Dialogues

Culture of Life

Deal,

While we were waiting for an announcement about the pope’s passing, I was thinking I’d pick up on your comments about the “culture of life” and the way that phrase has been adopted—or appropriated—by President Bush and by other American politicians, not just in the abortion and stem-cell debates but also during the Schiavo case. I’m also intrigued by your reference to the “seamless garment,” because I find myself agreeing with conservative Catholics that “seamless garment” is often a fudge by liberals who for their own purposes give short shrift to the distinctions the church has drawn between capital punishment and abortion (though this might be changing, witness Sen. Rick Santorum’s recent second thoughts about capital punishment).

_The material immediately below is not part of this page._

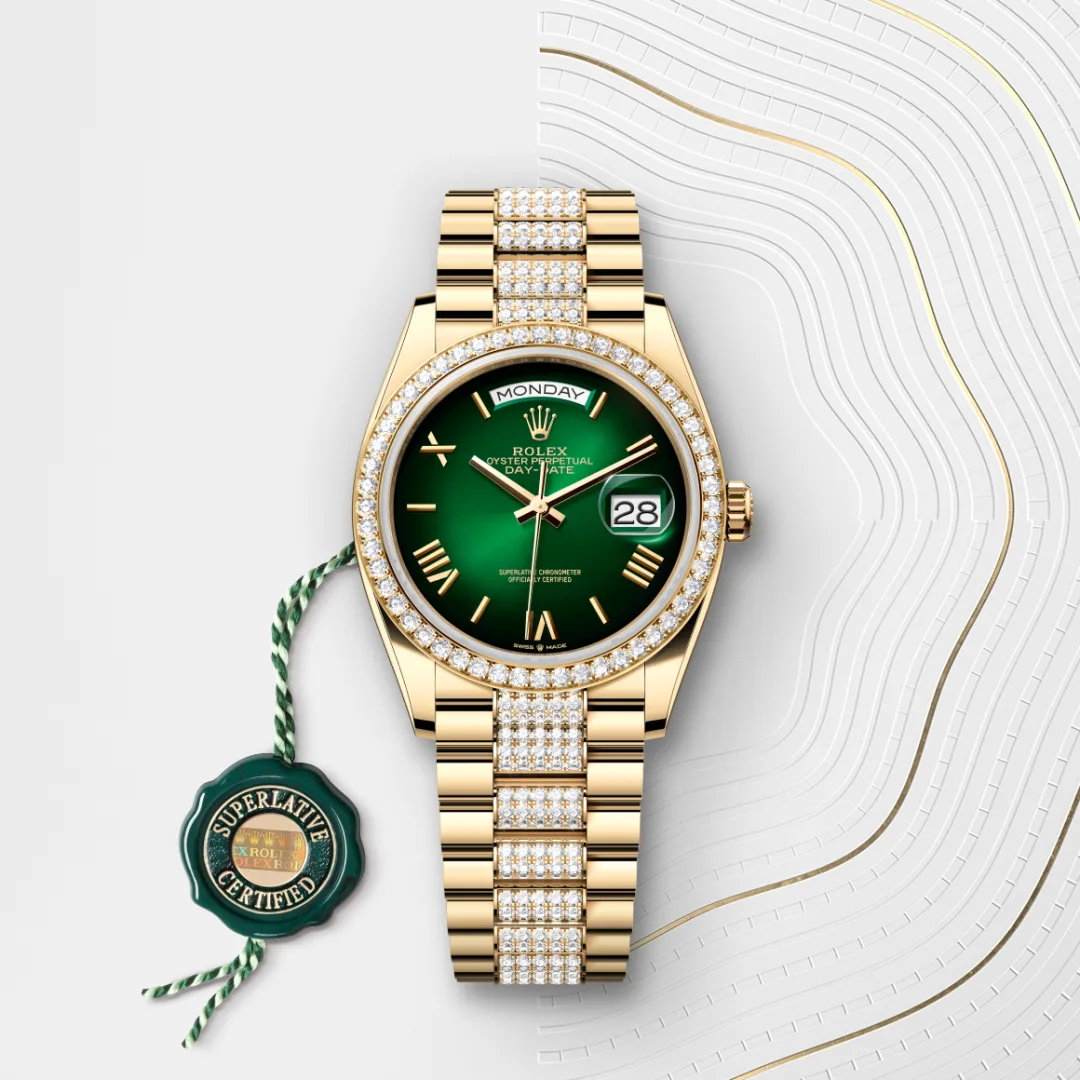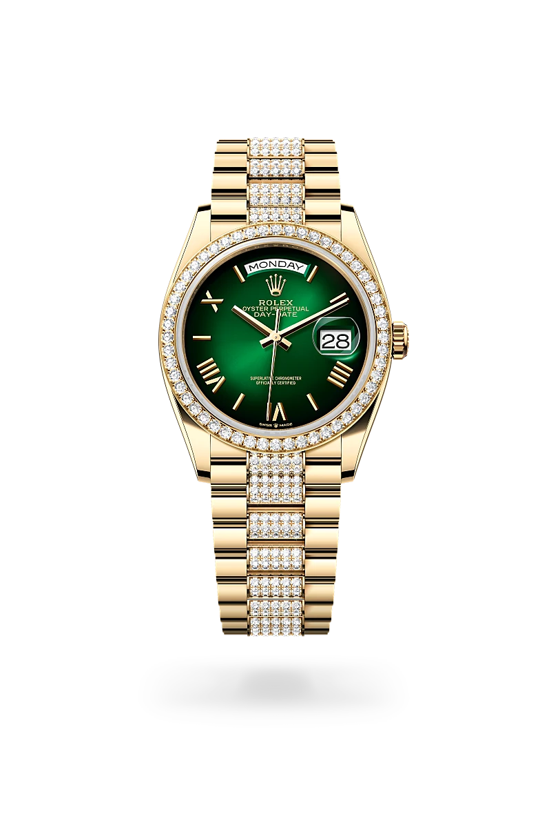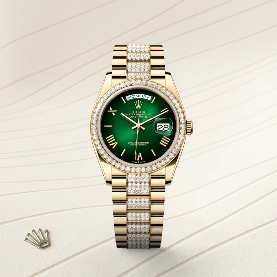 Rolex Day-Date 36 Oyster, 36 mm, yellow gold and diamonds M128348RBR-0069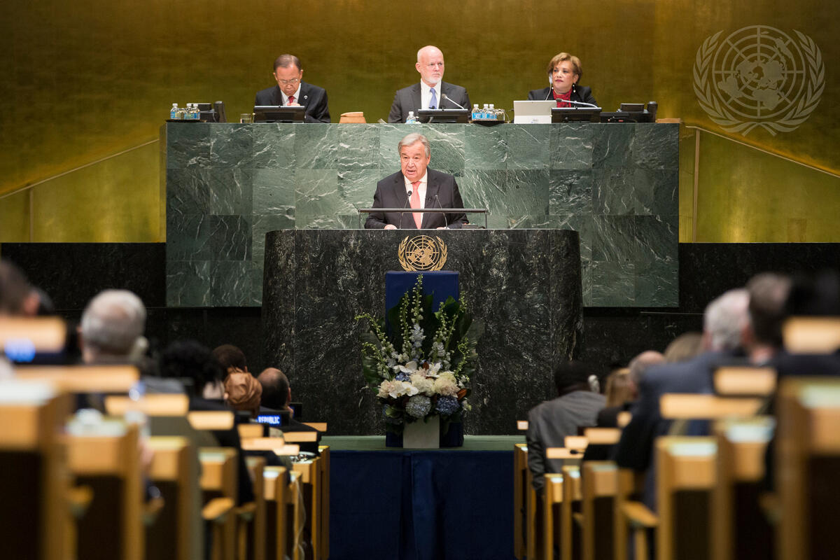 António Guterres (at podium), Secretary-General-designate of the United Nations, speaks to the 59th plenary of the seventy-first session of the General Assembly, after taking the oath of office for his five-year term, which begins on 1 January 2017. The oath was administered by Peter Thomson (upper podium, centre), President of the seventy-first session of the General Assembly, on the Charter of the United Nations. Mr. Guterres will be the ninth secretary-general of the United Nations.

Still, I cringe when Bush uses “culture of life” as a blurb or slogan in the style of “four more years” or “the war on terrorism.” One of the things I respect about Catholic moral theology and the Catholic intellectual tradition generally is an acceptance of nuance and fine (not casuistic) distinctions. With all respect to John Paul, I thought he departed from that tradition last year when he said “the administration of water and food, even when provided by artificial means, always represents a natural means of preserving life, not a medical act.” This obviously has application to the Schiavo case, where some of the activists arguing for the reattachment of the feeding tube suggested that her situation was morally equivalent to that of a person who could eat and drink without assistance being denied food and water.

Ironically, some of the decisions the pope apparently made at the end of his life—remaining in his apartment rather than going to the hospital, emphasizing that he will be “going home”—strike me as the opposite of the notion, invoked in the Schiavo case, that life must be prolonged at all costs and in all circumstances.